Silence was his most piercing weapon when he was angry. He said nothing for some time.

“Who are these people to you?” he asked, pushing at a few of the boils until the blood and pus bubbled to the surface. “Do you think they’re your family?”

“The señora and her family are the closest to kin I have,” I said.

“And me?” he asked.

“You too,” I said, wanting to announce that he came first.

“We’ll see,” he said.

I thought of what Mimi had suggested in the stream the day after Joel had died. An eye for an eye, she had said. Did one only have to wish for it to make it true?

“What are you going to do with Papi’s wood?” I asked.

“What am I going to do with what wood?” he asked.

“This wood,” I said, pointing behind him. “The wood I gave you for Joel’s coffin.”

“Kongo didn’t make use of it,” he said. “Maybe I’ll keep it for the next time somebody dies.”

He sat up and leaned against the gray cement wall, looked at the doorway through the scarred fingers laced over his face. Yves yawned loudly from outside, waiting for the right moment to come in and bed down for the night.

Sebastien rose, put on his clothes, and walked me back out into the night. We said nothing to each other as we walked to Señora Valencia’s house. On the way, we walked past the ravine where Joel had been buried. A fast breeze darted through the bamboo and lemongrass on either side of the road, blowing through them like a chorus of flutes and whistles.

Félice was ahead of us on the road, pacing back and forth over the steep edge of the ravine. Her posture as she tipped towards the gorge reminded me of myself standing at the river’s brim the day my parents had drowned.

Sebastien and I accompanied Félice back to the gates of Doña Sabine’s house. She went along with us, glad, I thought, to have been found.

The next morning, before dawn, while everyone was still asleep, Juana and I watched from the doorway of the old sewing room as Señor Pico padded his son’s coffin with a pile of clean sheets from his wife’s armoire and placed him in the casket. The señor was wearing his ceremonial khakis with his cap set in perfect alignment with his seashell-shaped ears. When he looked up, he seemed surprised to see Juana and me standing there.

“You have not slept at all, Señor,” Juana reminded him.

“You should wake the señora now,” he said.

Señora Valencia got up to drape a web of fragile lace over her son’s colorfully painted coffin. Papi and one of the señora’s maternal relations held the other end of the heirloom lace-bordered sheets, helping her to fold the cloth small enough to cover the casket without trailing onto the ground.

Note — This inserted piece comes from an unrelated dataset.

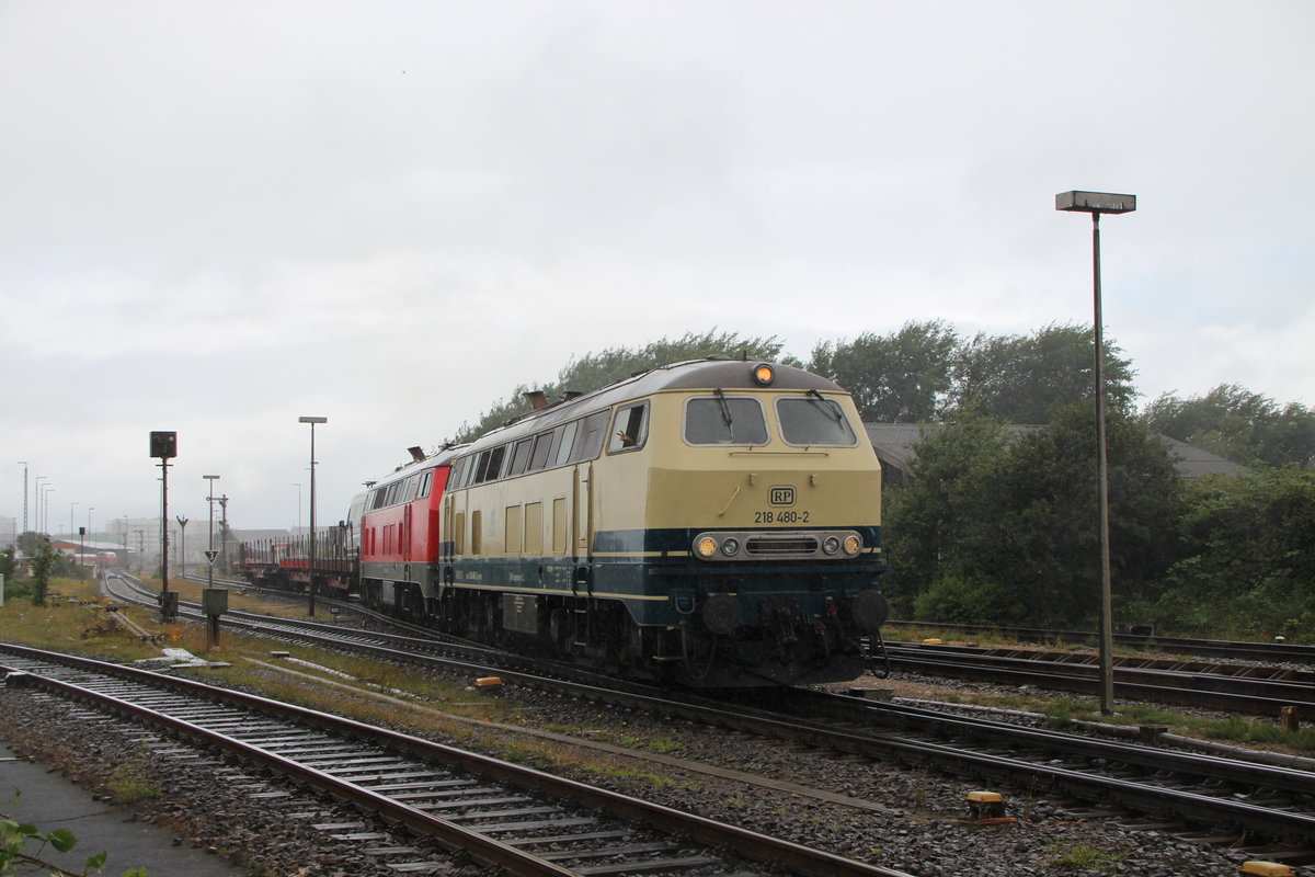 218 480+488 am 05.07.2019 mit einem leeren SyltShuttle in Westerland(Sylt). Gruß zurück! ;)

Señora Valencia bent down to kiss the coffin through the sunflower design of the lace and then walked back to her room. Her daughter was sleeping in her cradle. She picked her up and took her to her bed.

Señor Pico and Papi together carried the coffin away.

Once the casket was in the first automobile, Señor Pico came back to the bed where his wife sat with her daughter cradled against her chest. He removed his cap and placed it between his right armpit and elbow. Brushing his lips against his wife’s forehead, he avoided his daughter’s tiny hand, which she intuitively held out towards her father as if in recognition of his face or to ward off the stinging expression of disfavor growing more and more pronounced on it each time he laid eyes on her. Her gesture was like her own way of making amends for having lived in her brother’s place, as if to say that she, too, wanted to be present for the burial and watch her brother’s descent into the nothingness they had once shared as two.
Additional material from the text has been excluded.